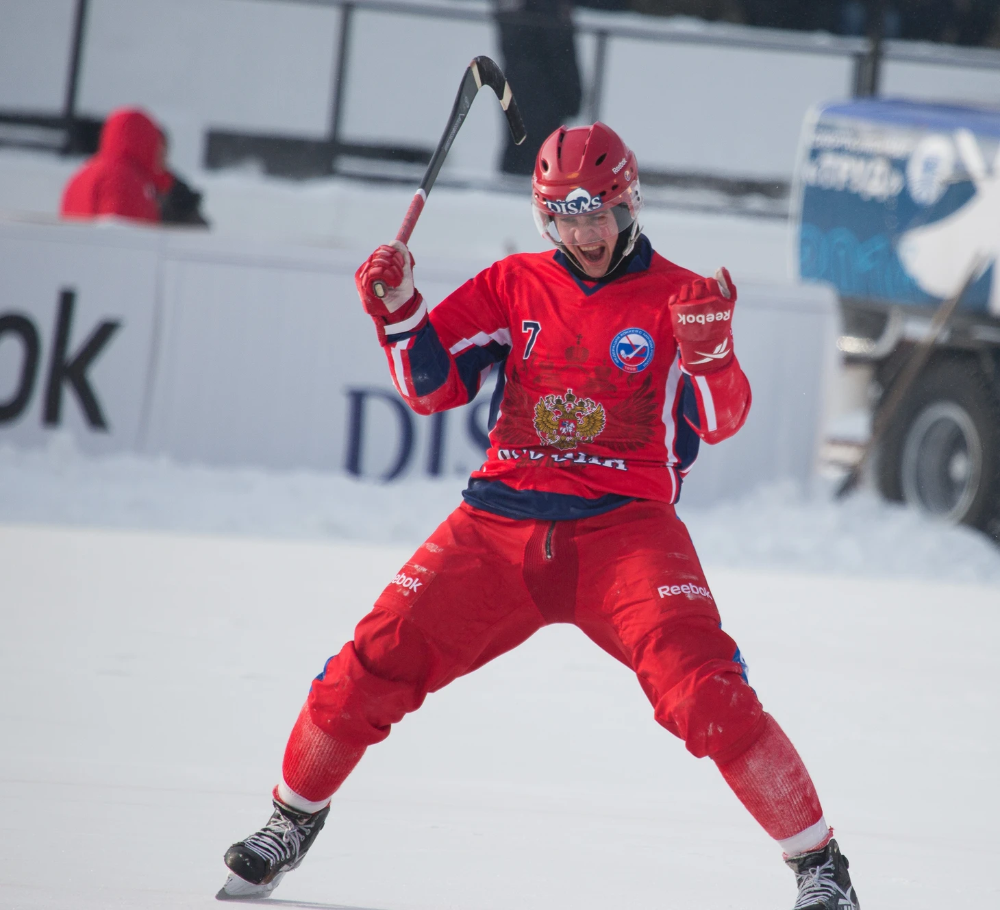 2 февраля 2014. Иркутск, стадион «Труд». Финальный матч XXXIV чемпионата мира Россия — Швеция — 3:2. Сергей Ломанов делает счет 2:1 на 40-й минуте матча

* * *

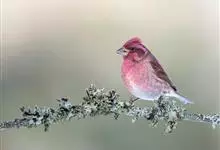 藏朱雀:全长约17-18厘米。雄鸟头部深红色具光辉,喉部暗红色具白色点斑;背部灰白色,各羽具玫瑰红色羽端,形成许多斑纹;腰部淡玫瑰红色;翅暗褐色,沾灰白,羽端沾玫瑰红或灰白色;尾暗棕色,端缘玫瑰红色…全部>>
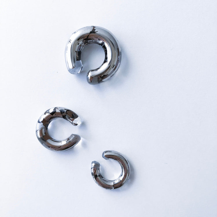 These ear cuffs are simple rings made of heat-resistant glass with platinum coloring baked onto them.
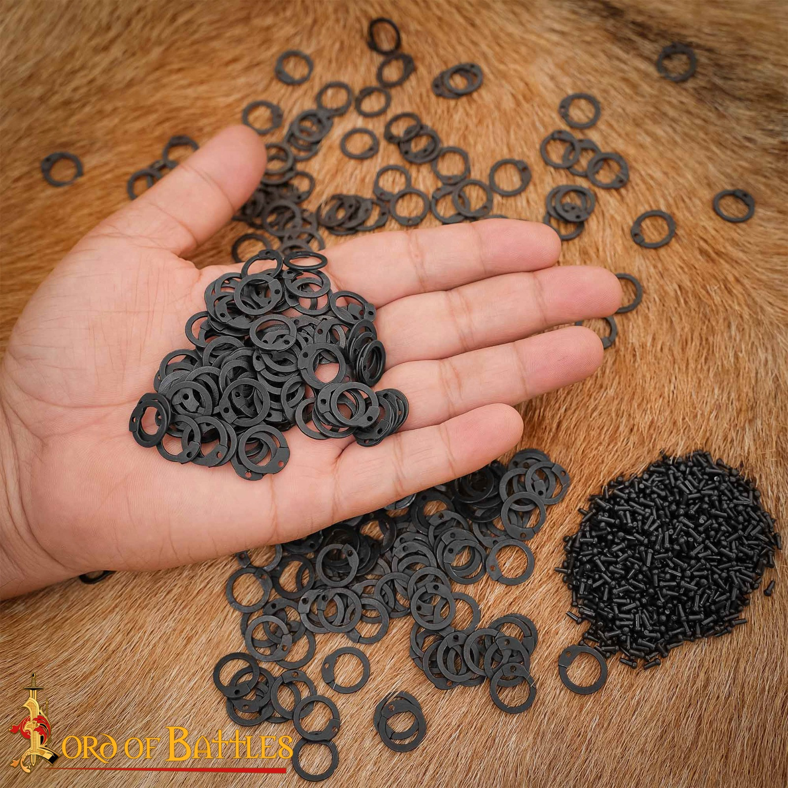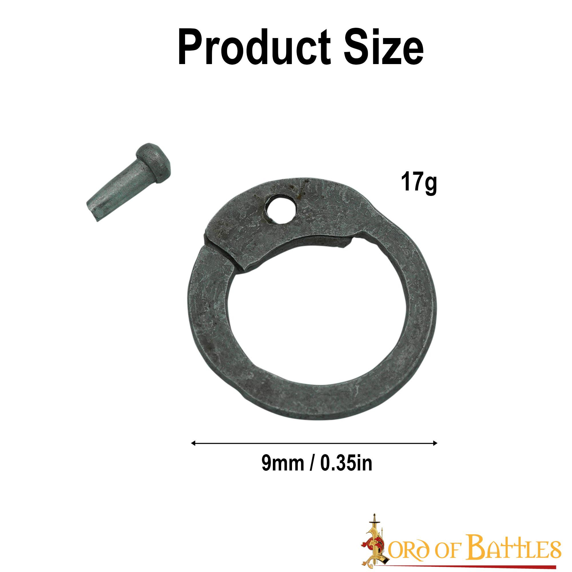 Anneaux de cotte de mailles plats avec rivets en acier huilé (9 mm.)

◆ REQUIREMENT ◆
Pictures aside, print exactly the lines above starting with the one containing "These ear cuffs" and going on through the one containing "Anneaux de cotte".

◆ ANSWER TO THE EXERCISE ◆
 These ear cuffs are simple rings made of heat-resistant glass with platinum coloring baked onto them.
 Anneaux de cotte de mailles plats avec rivets en acier huilé (9 mm.)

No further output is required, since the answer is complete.